Re: [PATCH net-next 4/6] arm64: dts: fsl: ls1028a: Add Felix switch port DT node

From: Florian Fainelli
Date: Fri Jul 05 2019 - 12:03:24 EST

On 7/5/2019 2:08 AM, Vladimir Oltean wrote:
> Hi Andrew,
> On Fri, 5 Jul 2019 at 07:49, Andrew Lunn <andrew@xxxxxxx> wrote:
>> Hi Vladimir
>>> - DSA is typically used for discrete switches, switchdev is typically
>>> used for embedded ones.
>> Typically DSA is for discrete switches, but not exclusively. The
>> b53/SF2 is embedded in a number of Broadcom SoCs. So this is no
>> different to Ocelot, except ARM vs MIPS. Also, i would disagree that
>> switchdev is used for embedded ones. Mellonex devices are discrete, on
>> a PCIe bus. I believe Netronome devices are also discrete PCIe
>> devices. In fact, i think ocelot is the only embedded switchdev
>> switch.
>> So embedded vs discrete plays no role here at all.
> drivers/staging/fsl-dpaa2/ethsw/ is another example of switchdev
> driver for an embedded switch.
> I would give it to you that the sample size is probably too small to
> say 'typically', but my point was that in order to support cascaded
> switches it makes more sense for those to be discrete.
>>> - The D in DSA is for cascaded switches. Apart from the absence of
>>> such a "Ocelot SoC" driver (which maybe can be written, I don't know),
>>> I think the switching core itself has some fundamental limitations
>>> that make a DSA implementation questionable:
>> There is no requirement to implement D in DSA. In fact, only Marvell
>> does. None of the other switches do. And you will also find that most
>> boards with a Marvell switch use a single device. D in DSA is totally
>> optional. In fact, DSA is built from the ground up that nearly
>> everything is optional. Take a look at mv88e6060, as an example. It
>> implements nearly nothing. It cannot even offload a bridge to the
>> switch.
> Let me see if I get your point.
> The D is optional, and the S is optional. So what's left? :)
> Also, there's a big difference between "the hardware can't do it" and
> "the driver doesn't implement it". If I follow your argument, would
> you write a DSA driver for a device that doesn't do L2 switching?
> Along that same line, what benefit does the DSA model bring to a
> switch that can't do cascading, compared to switchdev? I'm asking this
> as a user, not as a developer.

As an user, I don't think there are compelling arguments to either
switchdev or DSA because the end result is the same: network devices
that can offload "stuff". As a developer though, there is much less code
to write with DSA than with switchdev to get your HW live.

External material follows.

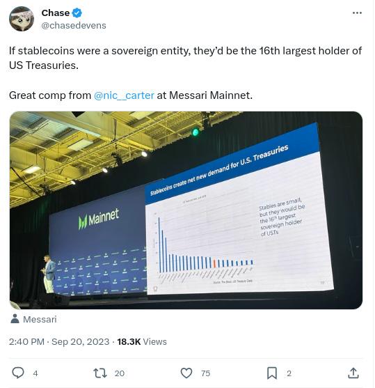 -Stablecoins now represent more treasury holdings than all but 15 countries, h/t @nic__carter c/o @chasedevens:
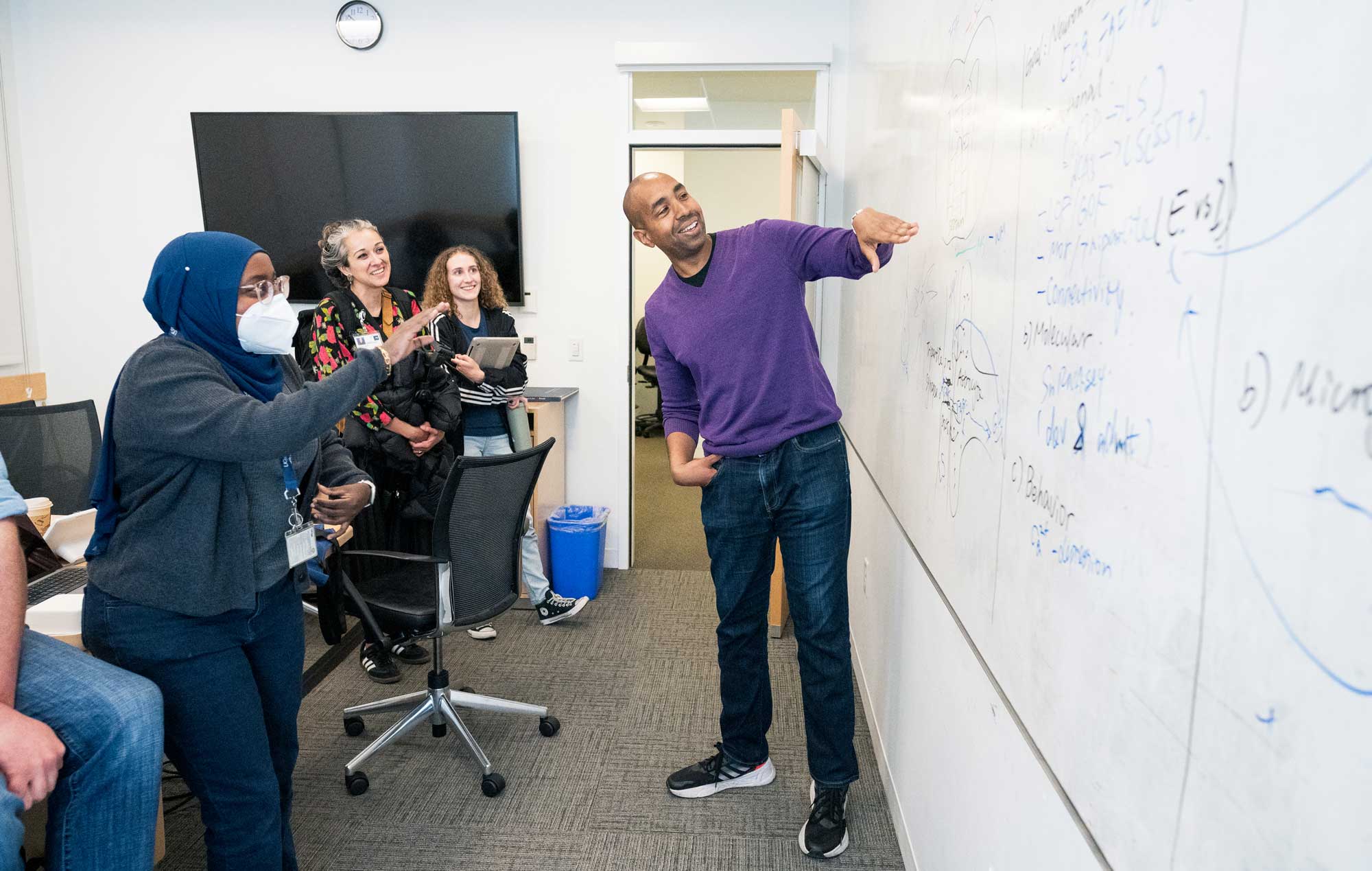 “I think it’s still very easy for me to conceive of what it’s like to come into a lab space and feel like you don’t know how to do anything,” he says. “Mentorship and teaching are part of the culture of my lab. It’s okay to not know something and to feel comfort in that because being at the edge of your knowledge is actually what this career is all about.”

>>> So my conclusion is that DSA for Felix/Ocelot doesn't make a lot of
>>> sense if the whole purpose is to hide the CPU-facing netdev.
>> You actually convinced me the exact opposite. You described the
>> headers which are needed to implement DSA. The switch sounds like it
>> can do what DSA requires. So DSA is the correct model.
>> Andrew
> Somebody actually asked, with the intention of building a board, if
> it's possible to cascade the LS1028A embedded switch (Felix) with
> discrete SJA1105 devices - Felix being at the top of the switch tree.
> Does the DSA model support heterogeneous setups (parsing stacked
> headers)? I can't tell if that's how EDSA tags work. With switchdev
> for Felix there wouldn't be any problem - it just wouldn't be part of
> the DSA tree and its own driver would remove its tags before DSA would
> look at the rest.

DSA not does not make any particular assumptions about how the stacking
is done actually because each slave network device is expected to
provided standard Ethernet frames to the network stack. How you get to
that point is entirely specific to what the hardware can do.

You do what Andrew described about one of my setup (bcm_sf2 w/ tagging
enabled and b53 w/o tagging, see more below why [1]]) and both being
discrete switch trees, with the master netdev of the b53 being a slave
netdev provided by bcm_sf2. If your tagging protocol supports it you can
make them part of the same DSA switch tree and just have them have
different switch identifiers, that is what Marvell switches do and it
works just great. In your case, I suppose you could even use double VLAN
tagging to get such cascading to work, that would limit you to a two
level of cascading, unless you invent something custom.

[1]: The original Broadcom tag format introduced with BCM5325/5365 did
support cascading in the same way that Marvell did where a switch
identifier can be added in addition to a port number within the tag. The
newest Broadcom tag that was introduced with 5395 and newer dropped
support for the switch identifier and the switch will "terminate" the
first (from start of Ethernet frame) tag that it receives. This is the
reason why we need to disable tagging on the outermost B53 device that
we are connected to. This means those network devices are mainly
configuration endpoints and not passing data (DSA_TAG_PROTO_NONE),
though we could use DSA_TAG_PROTO_8021Q and resolve that now.